Мередит не мог не рассмеяться, и епископ довольно кивнул:

– Вижу, проповедь встречена с пониманием. Теперь можно двигаться дальше. Впрочем, вы, должно быть, догадываетесь, что я вам сейчас скажу. Вы – чиновник, помните об этом. Они не доверяют чиновникам, в особенности чиновникам церкви. К тому же, вы представляете официальную точку зрения. Это недостаток. Посмотрите! – Епископ обвел рукой полки с книгами. – Все писания, начиная с блаженного Августина. Все великие историки, все великие комментаторы. Все энциклики[8] пяти последних Пап и подборка произведений наиболее известных мистиков. В этих четырех стенах собрана мудрость церкви. А человек, носивший этот медальон, никогда не слышал ни об одном из этих авторов и тем не менее был таким же католиком, как вы или я. Он исповедовал ту же веру, пусть слепо, но верил в то же, что и мы.
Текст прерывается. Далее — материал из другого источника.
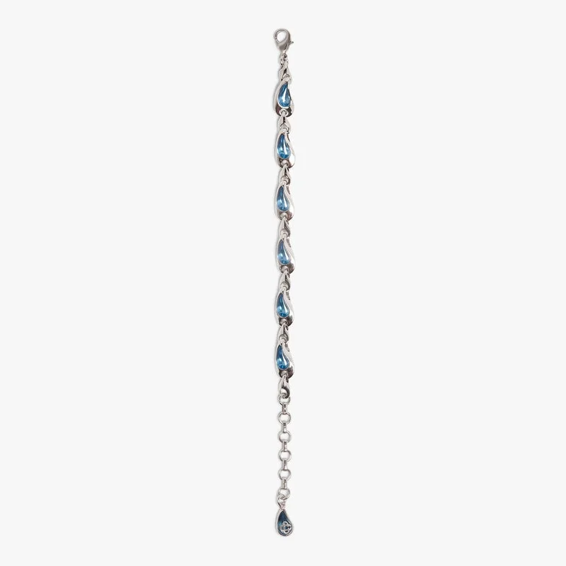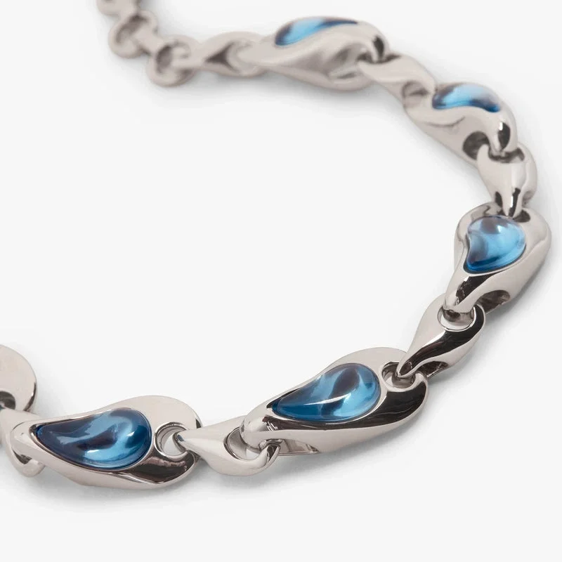 Das silber-blaue Wassertropfen-Armband ist ein elegantes Design aus Messing und Harz mit einem zarten Wassertropfen-Motiv in Silber- und Blautönen. Abgerundet durch eine raffinierte versilberte Kettengliedkonstruktion für einen edlen letzten Schliff.

Он был ближе к апостолам, которые учили его тому, что услышали из уст самого Христа. Разум церкви схож с разумом человека, который развивается с получением новых знаний, вырастает из старого, словно весенняя листва на перезимовавшем дереве… Кто из моей паствы сможет это осознать? Вы? Я? Разум церкви сложен для восприятия. Но сердце ее просто, как просты люди, живущие в калабрийских деревнях. Поэтому, обращаясь к ним, говорите от сердца, а не от головы.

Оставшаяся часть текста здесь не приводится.